The Act introduces a computerized clearing house system (the System) under which banks and credit unions are obliged to report information regarding the accounts they maintain (e.g., openings, changes, and transactions) to the System on daily basis. Using algorithms that take into account risk criteria (e.g., economic, geographical, behavioral, and business connections), the System calculates a risk ratio for each entity and passes that information on to the Head of the National Revenue Administration (the Head of the NRA) who may block a bank account if the analysis indicates that there is a risk that the account holder has committed or is about to commit fiscal fraud.
A bank account can be blocked for a period of no longer than 72 hours from delivery of the Head of the NRA’s decision to the bank. Although the decision is discretionary, it should be justified by past tax performance of the account holder, and, based on such performance, an assumption that the account holder may use the account for fraud related purposes, and that the blockage of the account is necessary to counteract fraud.
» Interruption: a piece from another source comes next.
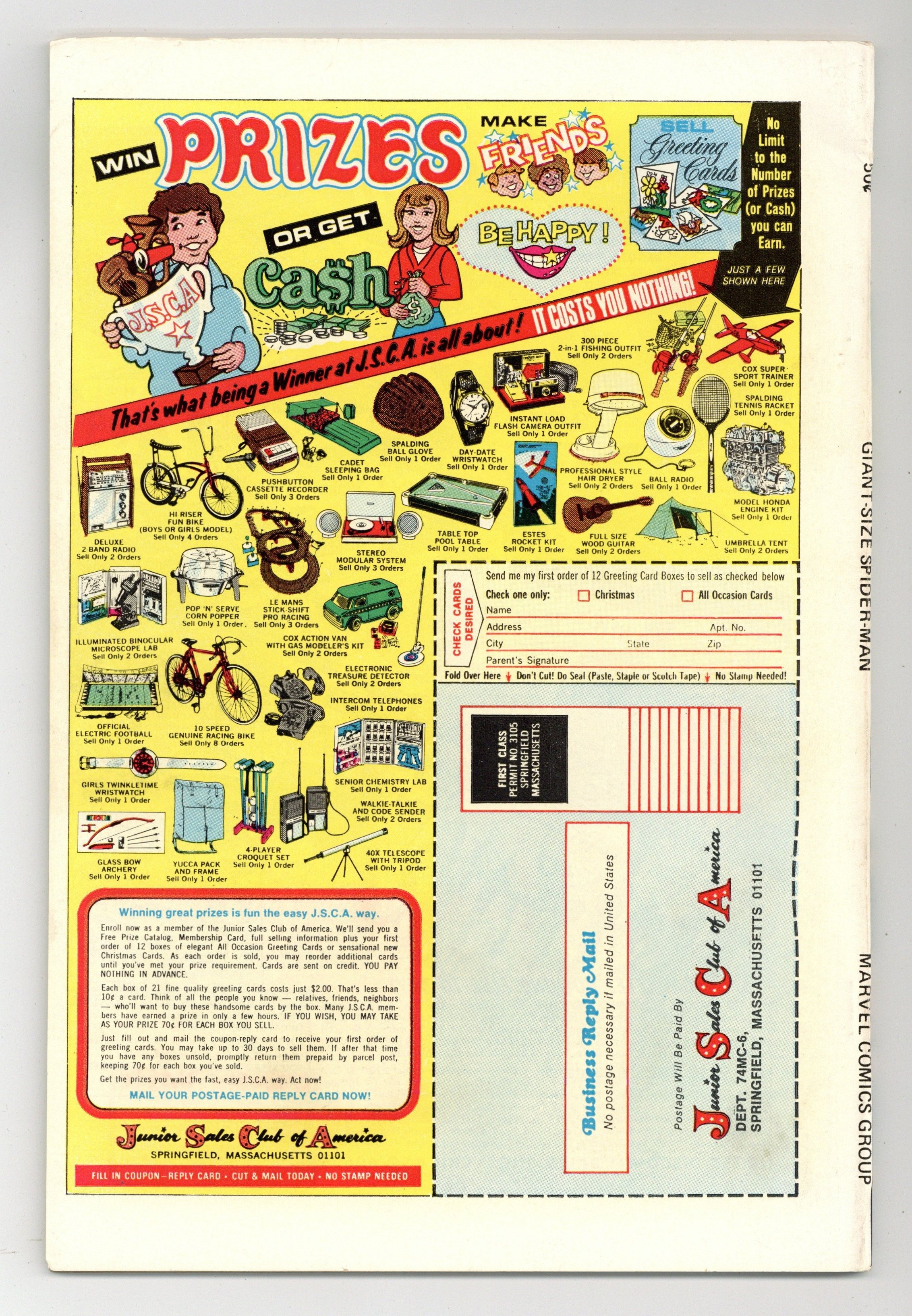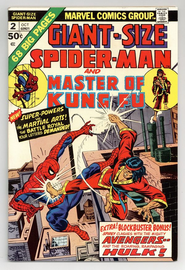 "Masterstroke!" Guest-starring Shang-Chi, Master of Kung Fu. Script by Len Wein. Pencils by Ross Andru. Inks by Al Milgrom. Cover by Gil Kane (pencils), John Romita, and Tony Mortellaro. It's the master plan of Fu Manchu! Make Spider-Man and Shang-Chi believe that each other is a criminal, and then set up a super showdown at the Con Ed Power Plant near the 59th street bridge! Even if the web-slinger and the Master of Kung Fu survive their epic battle with one another, the two heroes plus Black Jack Tarr must still stop Fu Manchu at the Empire State Building! A terrific action issue! Back up story: "To Become An Avenger!" Guest-starring the Avengers, Daredevil, and the Hulk. Script by Stan Lee. Layouts by John Romita. Pencils by Don Heck. Inks by Mickey Demeo (aka Mike Esposito). Spider-Man is offered membership into the Avengers, but he has to capture the Incredible Hulk first! Reprinted from Amazing Spiderman Annual 3. (Note: A full-size reprint of the cover of Annual 3 is included in the issue.) 64 pages Cover price $0.50.

The initial 72-hour blockage may be extended to three months should the Head of the NRA identify there is a risk that existing or future tax obligations of the account holder will not be performed. The blockage may be challenged by submitting an application for reconsideration to the Head of the NRA or by filing a complaint with the administrative court.
During the blockage period an affected bank account may not be subjected to a new security interest. The Act does not specify whether any existing security interest (e.g., a financial pledge) expires, is suspended or continues to apply during the blockage period.
The obligation to process bank account data in the System and the mechanism of bank account blockage concern only one type of bank account set out in the Banking Law, namely settlement accounts (rachunki rozliczeniowe).
(1) Ustawa z dnia 24 listopada 2017 r. o zmianie niektórych ustaw w celu przeciwdziałania wykorzystaniu sektora finansowego do wyłudzeń skarbowych.
The risk of a bank account being blocked under the Act may have an effect on the escrow accounts commonly used in financing, real estate and M&A transactions. Escrow accounts are typically opened with banks by buyers as settlement accounts used to centrally clear various (and often numerous) payments associated with a transaction. The sources and uses of these payment arrangements can be very complex and under such circumstances the tax authorities may consider the payments into or from an escrow account as having the potential of financial fraud.
In the worst-case scenario, money could be blocked in a buyer's account even though title to shares or real property had been transferred.
The risk of an escrow account being blocked may be minimized if the buyer is a newly created company without any outstanding tax liabilities. The seller can also mitigate risk by conducting a tax due diligence on the buyer (the escrow account holder), which should include:
- (a) obtaining tax clearance certificates in order to make sure the account holder has no tax arrears, and, most importantly,
- (b) checking the account holder's VAT status on a web site maintained by the Polish Ministry of Finance to determine if the account holder is likely to be subject to a VAT fraud-related inspection.
While these measures provide a certain degree of comfort, they do not entirely eliminate the risk of an account being blocked.
In lieu of escrow accounts, we believe that parties should consider using trust accounts (rachunki powiernicze) within the meaning of article 59 of the Banking Law to settle their transactions. Trust accounts are not subject to the reporting obligations of the new Act and cannot be blocked by the Head of the NRA. Furthermore, amounts deposited in trusts accounts may not be seized in enforcement and insolvency proceedings concerning the account holder. A disadvantage of using a trust account is that, under article 59 of the Banking Law, a trust account agreement is executed between a trustee and a bank and, consequently, a trustor (i.e., the seller or another designated payee) has no direct claim to the bank maintaining the trust account. We believe that there may be contractual measures between a trustor and the bank which may further enhance the trustor's position.
Finally, consideration should be given to building in contractual provisions within transaction documents that would deal with the possibility of an account blockage and prevent unintended consequences to the extent possible.